== Provided data ==
========

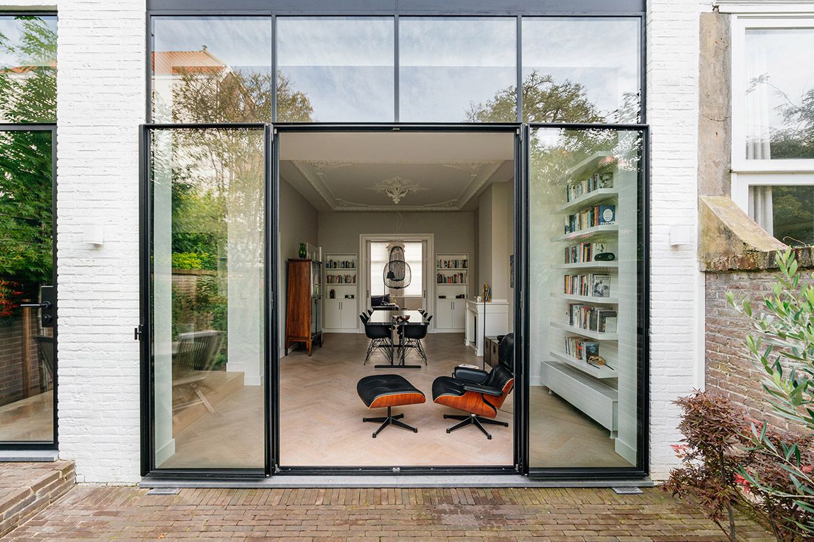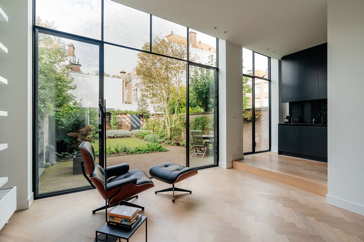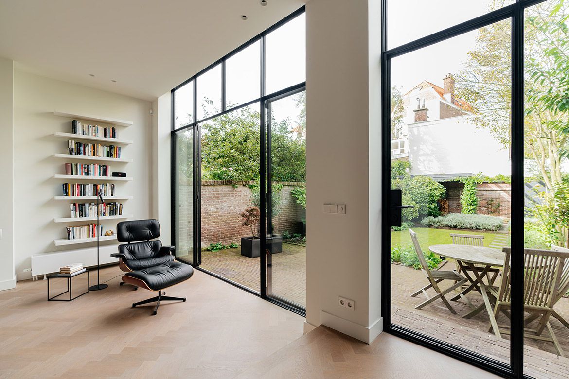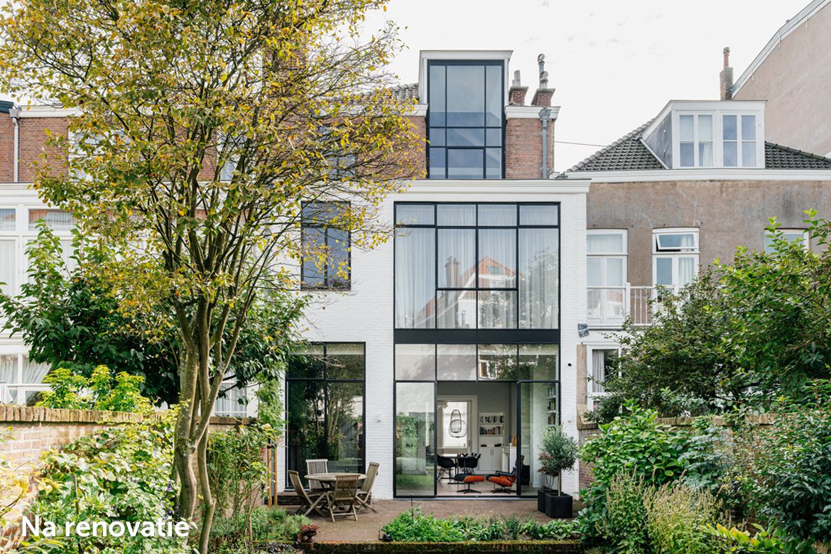In hartje Den Haag renoveerden we dit statige herenhuis. Op de begane grond en eerste verdieping is de totale achtergevel vervangen door een nieuwe, goed geïsoleerde achtergevel voorzien van stalen kozijnen via Perfect View. De oorsponkelijk rommelige achtergevel, die voorheen bestond uit een drietal compleet verschillende etages met een veelheid aan soorten kozijnen, is nu vereenvoudigd naar een duidelijk leesbaar geheel. Hierin wordt de focus gelegd op de verticale lijnen in de gevel, en wordt de terugliggende gevel op de tweede etage weer in het geheel betrokken door het toepassen van eenzelfde stalen kozijn.
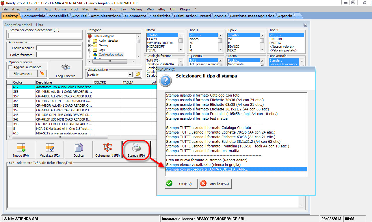 STAMPA ART PERS./ STAMP. ETICHET. CODICI A BARRE seleziono nella ricerca le varianti e a quel punto flaggo tutto. Seleziono" stampa in base alle giacenze di magazzino. Il risultato è quello che ho scritto. Chiaramente è risolvibile eliminando il flag sull'articolo matrice. Il problema e quando ristampi un magazzino di 20 articoli con tre colore e 4 taglie; devi entrare e deselezionare le matrici.
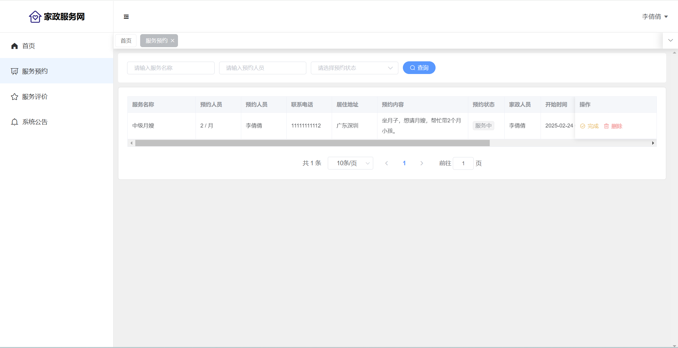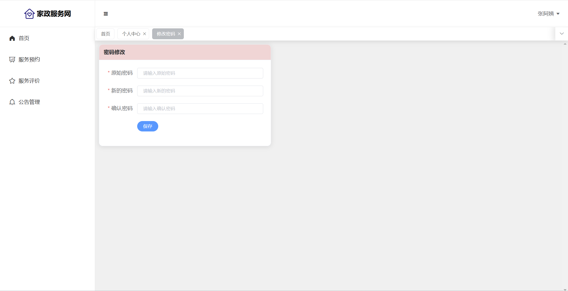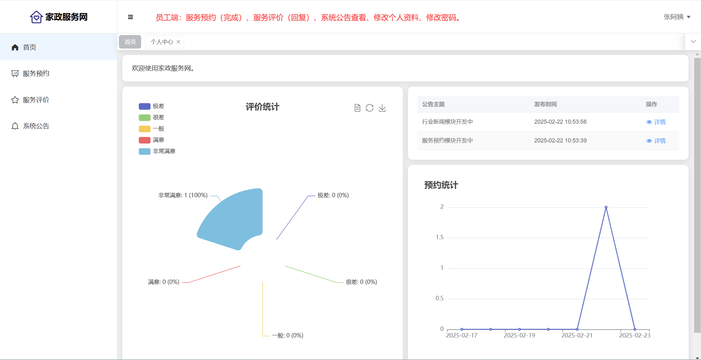 员工:服务预约(完成)、服务评价(回复)、公告查看;个人信息(可上传照片和证书)、修改密码。

========

== Work to complete ==
The preceding listing must be repeated exactly, with all images dropped.

== Task response ==
In hartje Den Haag renoveerden we dit statige herenhuis. Op de begane grond en eerste verdieping is de totale achtergevel vervangen door een nieuwe, goed geïsoleerde achtergevel voorzien van stalen kozijnen via Perfect View. De oorsponkelijk rommelige achtergevel, die voorheen bestond uit een drietal compleet verschillende etages met een veelheid aan soorten kozijnen, is nu vereenvoudigd naar een duidelijk leesbaar geheel. Hierin wordt de focus gelegd op de verticale lijnen in de gevel, en wordt de terugliggende gevel op de tweede etage weer in het geheel betrokken door het toepassen van eenzelfde stalen kozijn.
 STAMPA ART PERS./ STAMP. ETICHET. CODICI A BARRE seleziono nella ricerca le varianti e a quel punto flaggo tutto. Seleziono" stampa in base alle giacenze di magazzino. Il risultato è quello che ho scritto. Chiaramente è risolvibile eliminando il flag sull'articolo matrice. Il problema e quando ristampi un magazzino di 20 articoli con tre colore e 4 taglie; devi entrare e deselezionare le matrici.
 员工:服务预约(完成)、服务评价(回复)、公告查看;个人信息(可上传照片和证书)、修改密码。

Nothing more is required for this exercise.